Another insight into gene number is obtained by counting the number of expressed genes. If we rely upon the estimates of the number of different mRNA species that can be counted in a cell, we would conclude that the average vertebrate cell expresses ~10,000-20,000 genes. The existence of significant overlaps between the messenger populations in different cell types would suggest that the total expressed gene number for the organism should be within a few fold of this. The estimate for the total human genome number of 30,000-40,000 (see 3.11 The human genome has fewer genes than expected) would imply that a significant proportion of the total gene number is actually expressed in any given cell.

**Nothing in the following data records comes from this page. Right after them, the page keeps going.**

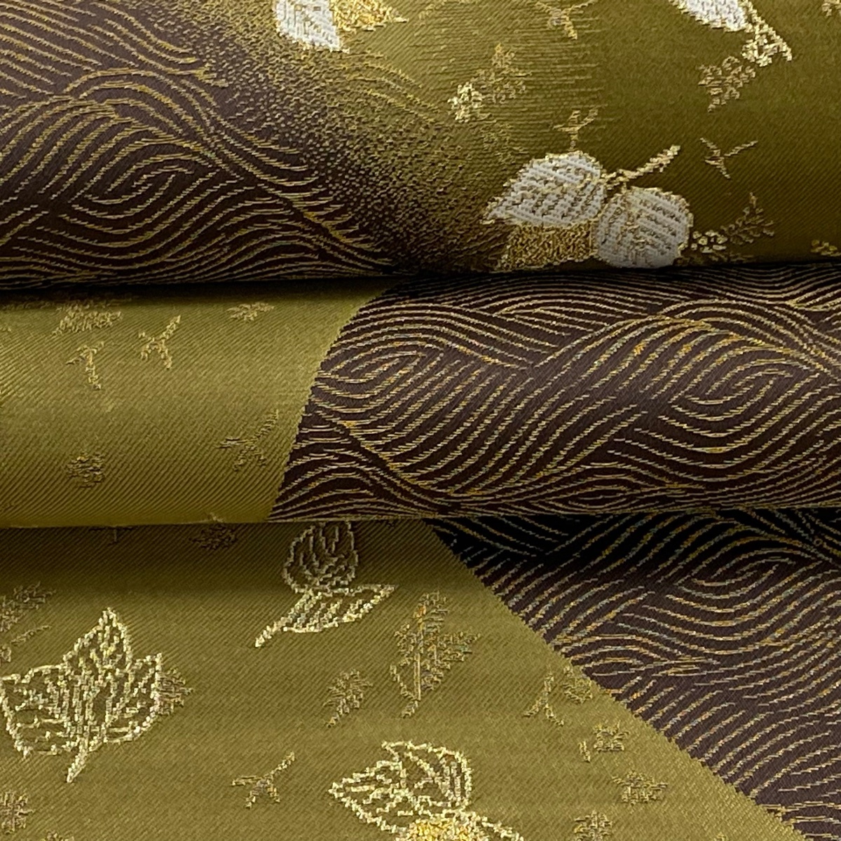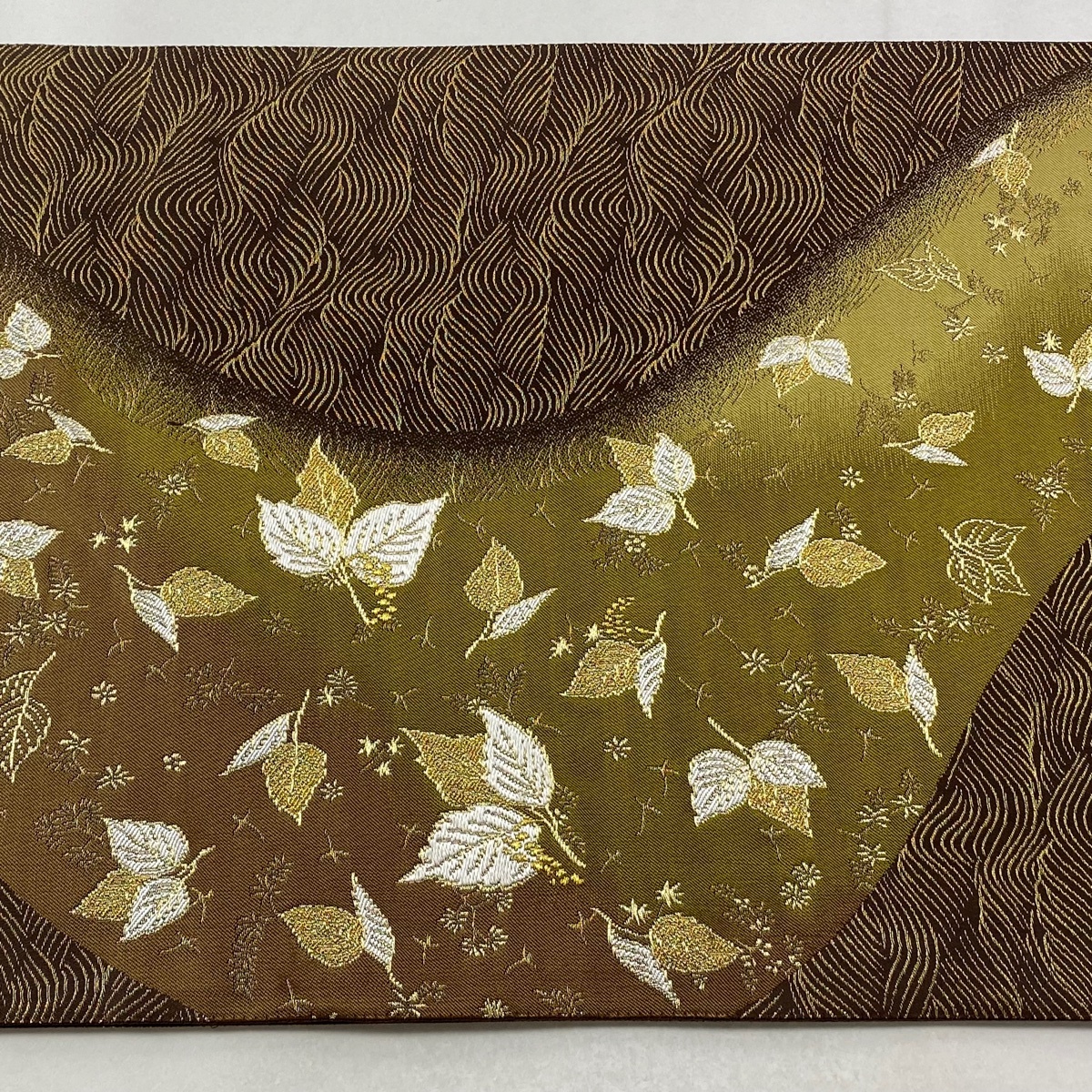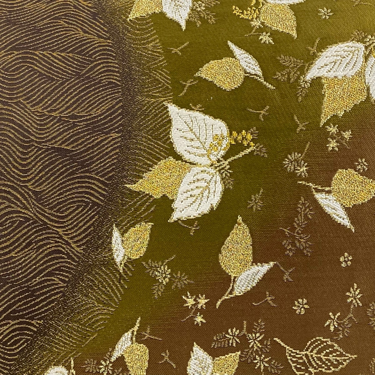 | 袋帯 美品 逸品 誉田屋源兵衛 落款 葉柄 波 金糸 箔 茶緑色 お太鼓柄 正絹 【中古】 |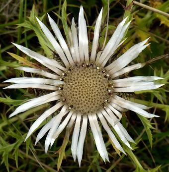 Das Foto gehört zur Serie "Blüten auf einem Thüringer Zechsteinriff". Es zeigt die Blüte einer Silberdistel (Carlina acaulis). Es gelten die Nutzungsbedingungen der Mediothek und Pixiothek.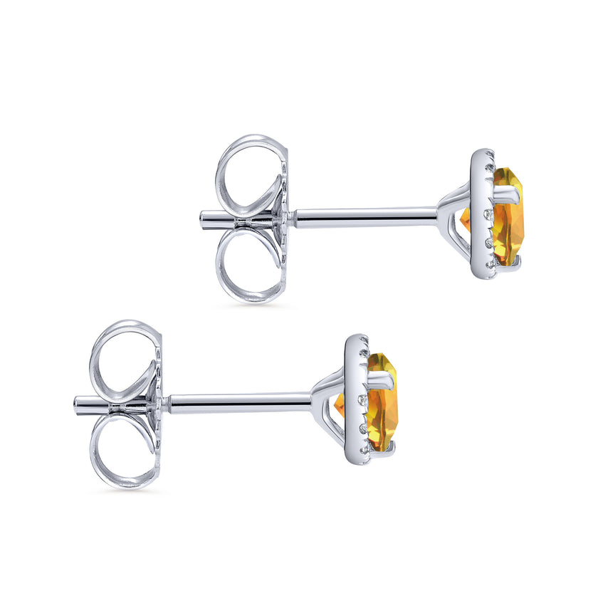 14K White Gold Round Halo Citrine and Diamond Stud Earring, ...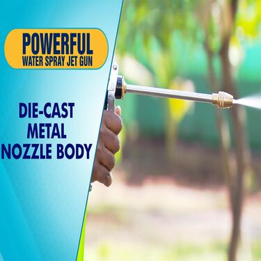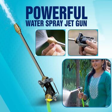 This is a high pressure metal jet water gun. It is Portable hence easy to carry and easy to operate as well. The metal and Brass material makes it durable and is also anti rust. It comes in a gun shaped design that develops good water flow if the tap pressure is good. It is ergonomically-shaped & has a soft vinyl grip for a comfortable hold too. Hands free lock provides relief for long time use as it helps to reduce hand fatigue. It fits all standard home hoses. It also has a 360 degree rotating nozzle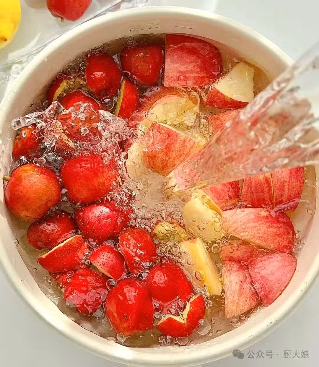 🍳做法 1️⃣ 將蘋果、山楂、紅棗洗凈備用 2️⃣ 蘋果切成小塊,山楂去核,紅棗去核 3️⃣ 將蘋果、山楂、紅棗放入鍋中,加入適量清水,大火煮沸後轉小火煮15分鐘左右 4️⃣ 加入適量冰糖,繼續煮5分鐘即可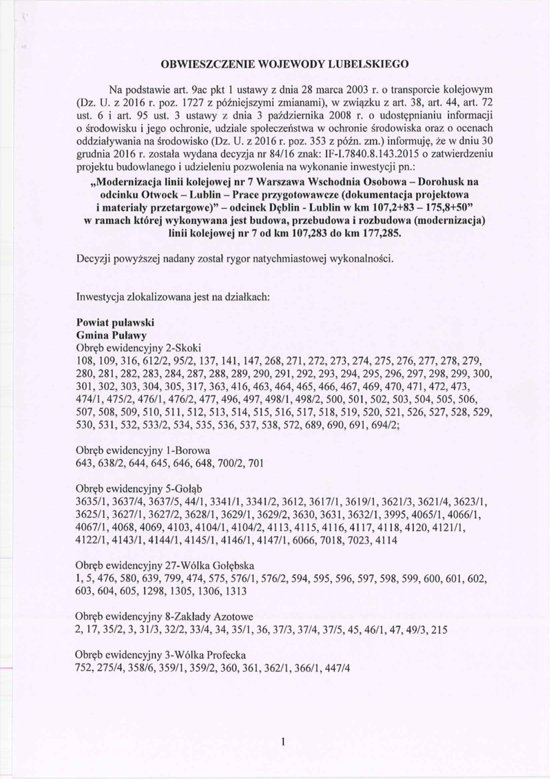 Obwieszczenie Wojewody Lubelskiego o wydaniu w dniu 30 grudnia 2016r. decyzji nr 84/16, znak: IF-I.7840.8.143.2015.AO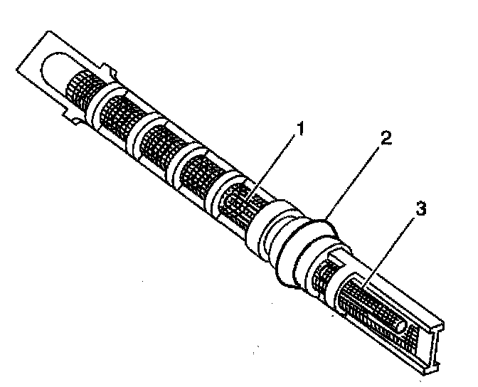 The plastic expansion (orifice) tube (2) is made of a mesh-screen (1) and orifice (3). The expansion (orifice) tube is located in the evaporator inlet pipe at the orifice connection. The tube restricts the high pressure liquid refrigerant in the liquid line. This restriction meters the refrigerant flow to the evaporator as a low pressure liquid. The expansion tube and orifice have filter screens which protect from contamination on both the inlet and outlet sides of the tube. When the engine is OFF the refrigerant in the system flows from the high pressure side of the system to the low pressure side until the pressure is equalized. This may be detected as a hissing sound for 30-60 seconds and is a normal condition.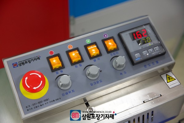온도조절을 위해 디지탈계기판이 적용되었고 컨베어 속도, 고체잉크 온도와 인쇄위치, 비상정지스위치등을 콘트롤할수 있습니다.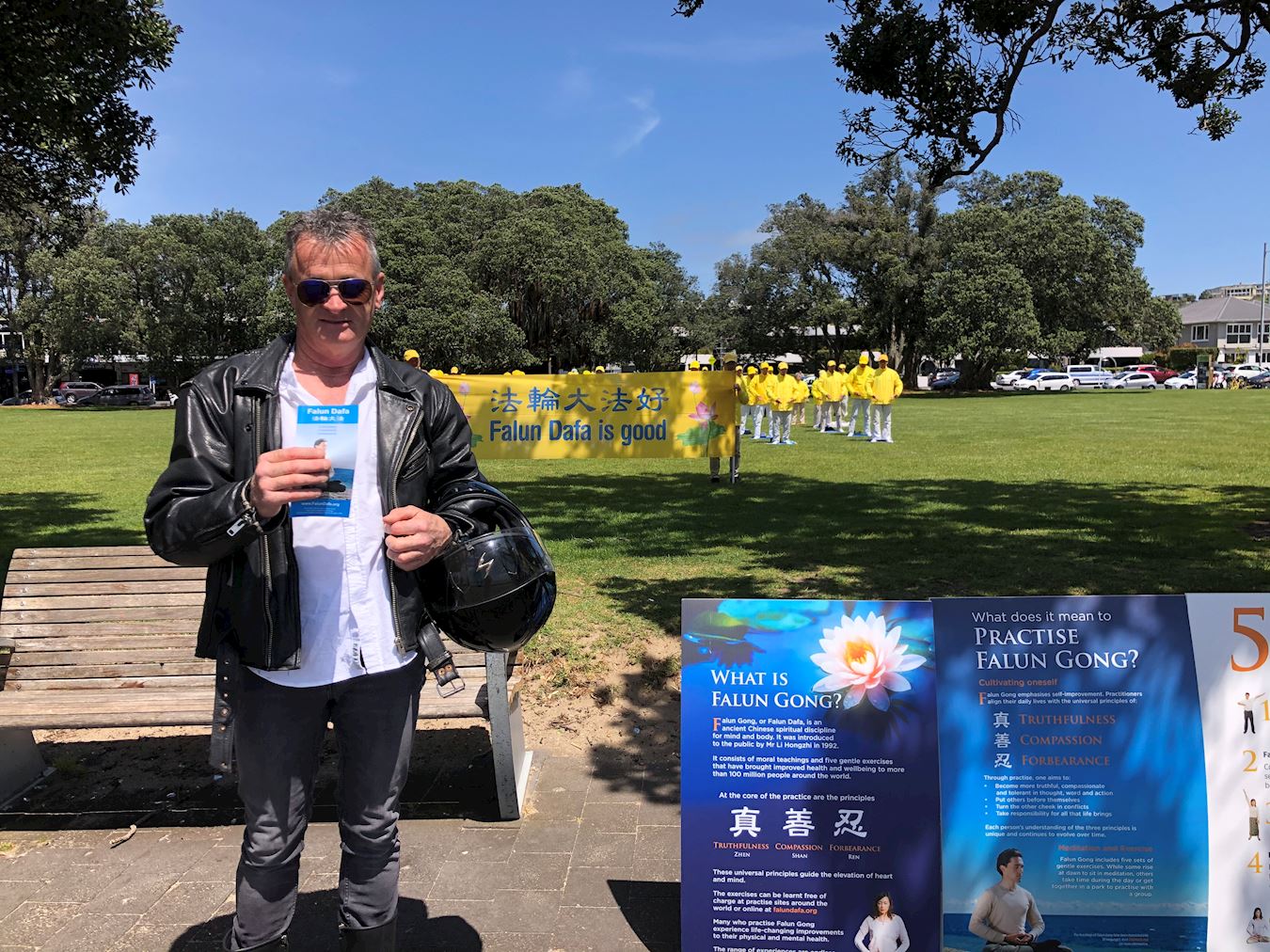 安东尼·弗伦希(Antony French)是新西兰当地的一位卡车司机,当他得知中共迫害打坐修炼的法轮功学员感到十分震惊,他想知道如何可以帮助法轮功学员让更多人知道这场迫害,他认为新西兰总理也应该站出来反对迫害。因为当今世界充斥着太多的贪婪暴力,还有各种各样的毒品,而“真、善、忍”正是这个世界人们都应该遵循的价值观。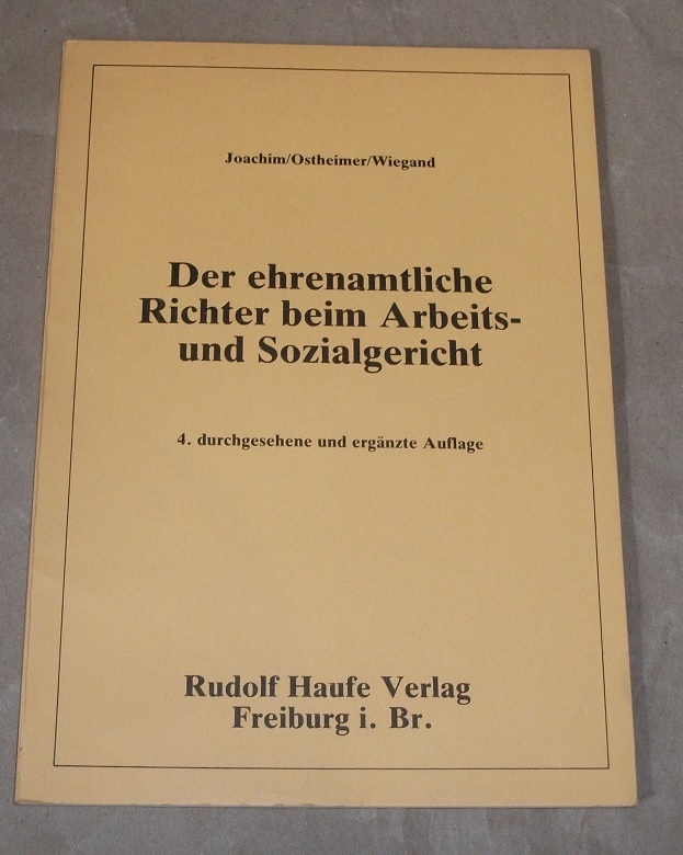 Joachim, Hans G.; Ostheimer, Lothar; Wiegand, Dietrich: Der ehrenamtliche Richter beim Arbeits- und Sozialgericht. Rechte u. Pflichten von d. Berufung bis zur Beendigung d. Ehrenamtes. 4., durchges. u. erg. Aufl. Freiburg i. Br.: Haufe, 1980. 21 cm. 76 S. Kart. 1 Anstreichung am Seitenrand, sonst leichte Gebrauchsspuren.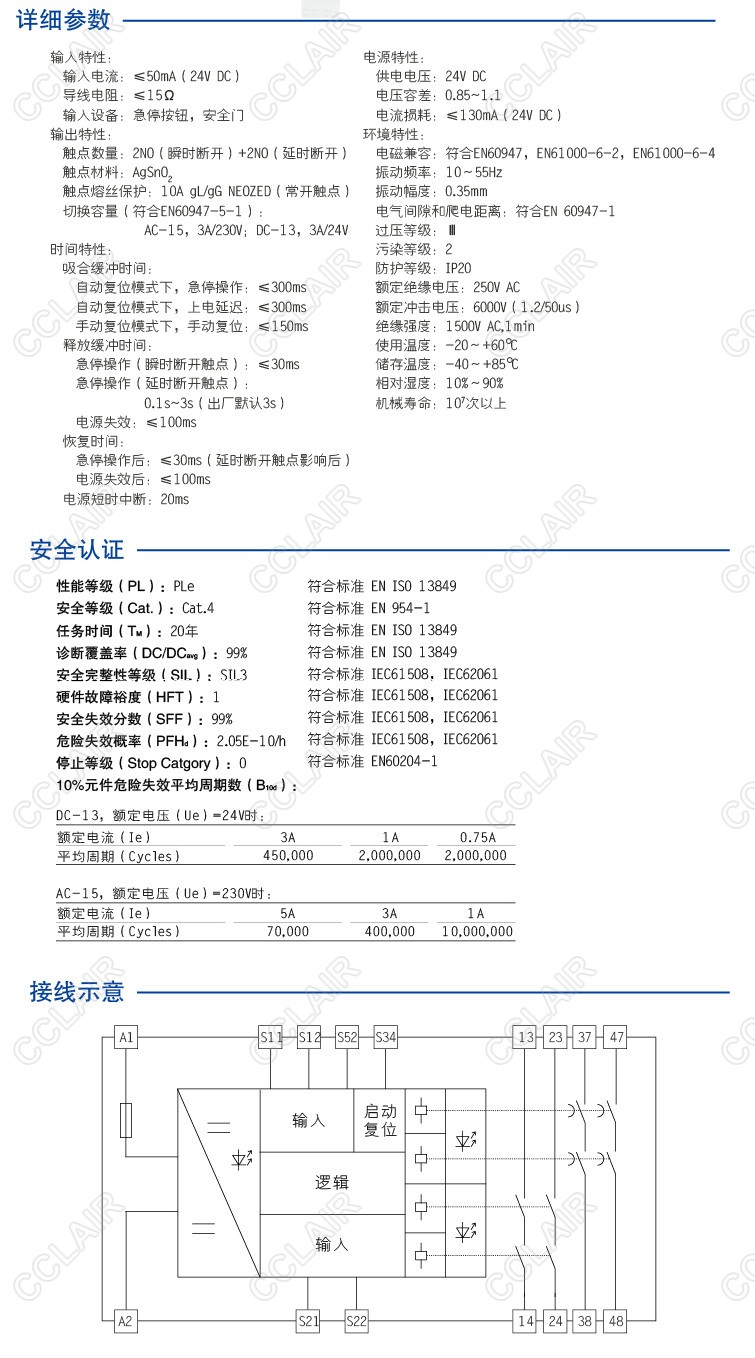 CZSR8002-2A2AT是适用于急停按钮、安全门控开关输入,具有2路NO(常开)安全输出触点(瞬时断开)和2路NO(常开)辅助输出触点(延时断开)的安全继电器。它可选择单、双通道操作,手动或自动复位,并具有通道间短路监控功能。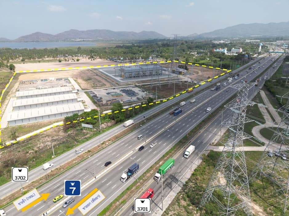 การไฟฟ้าฝ่ายผลิตแห่งประเทศไทย (กฟผ.) กำหนดดำเนินการขึงสายส่งไฟฟ้าแรงสูงพาดข้ามถนน จากสถานีไฟฟ้าย่อยชลบุรี 2 ไปยังสถานีไฟฟ้าย่อยบ่อวิน จ.ชลบุรี ของงานก่อสร้างระบบโครงข่ายไฟฟ้า 230 กิโลโวลต์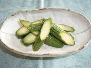 (2)そこへきゆうりを入れ、そのまま常温に置く。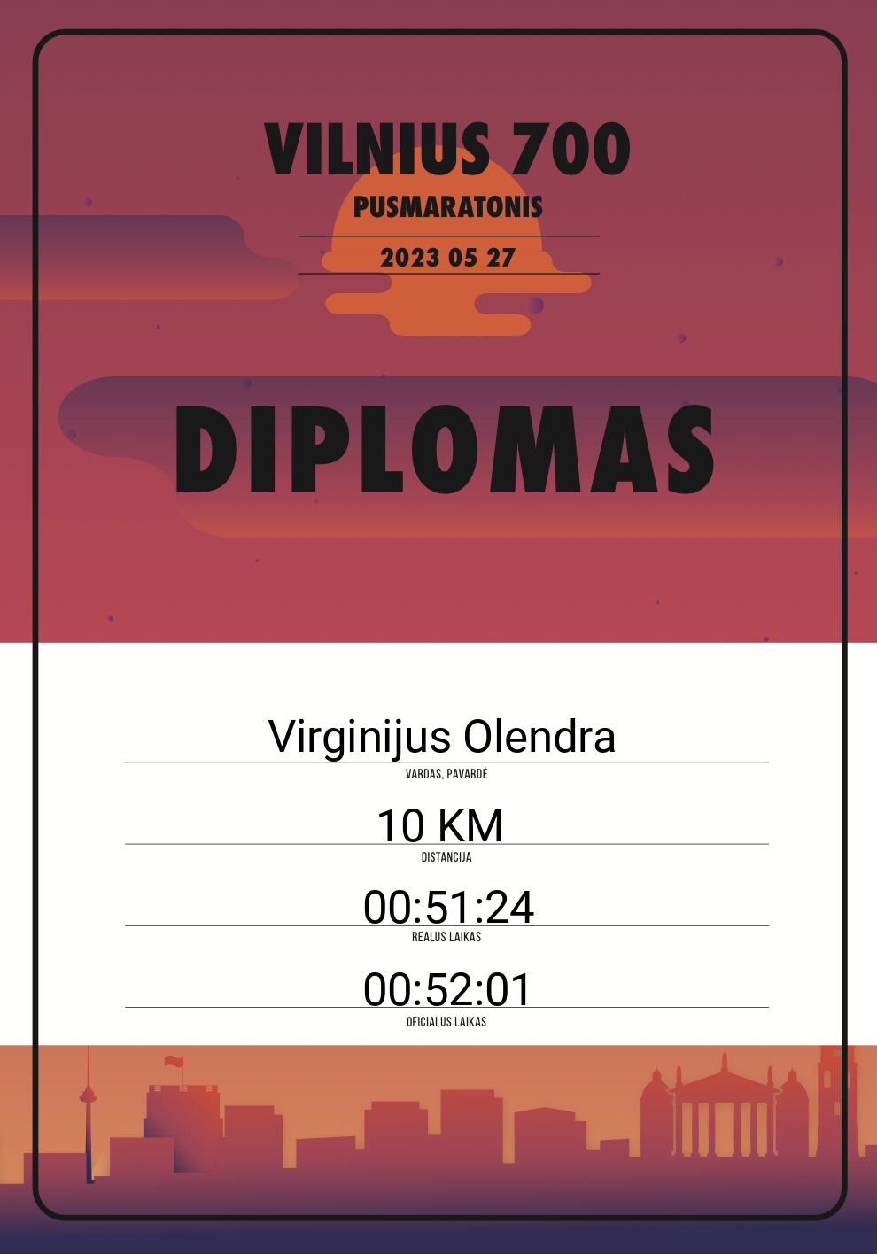 215 Virginijus Olendra Jomantai 20530 Lithuania 10 KM 00:52:01 00:51:24 00:26:26 Diplomas

Eukaryotic genes are transcribed individually, each gene producing a monocistronic messenger. There is only one general exception to this rule; in the genome of C. elegans, ~15% of the genes are organized into polycistronic units (which is associated with the use of trans-splicing to allow expression of the downstream genes in these units; see 24.13 trans-splicing reactions use small RNAs).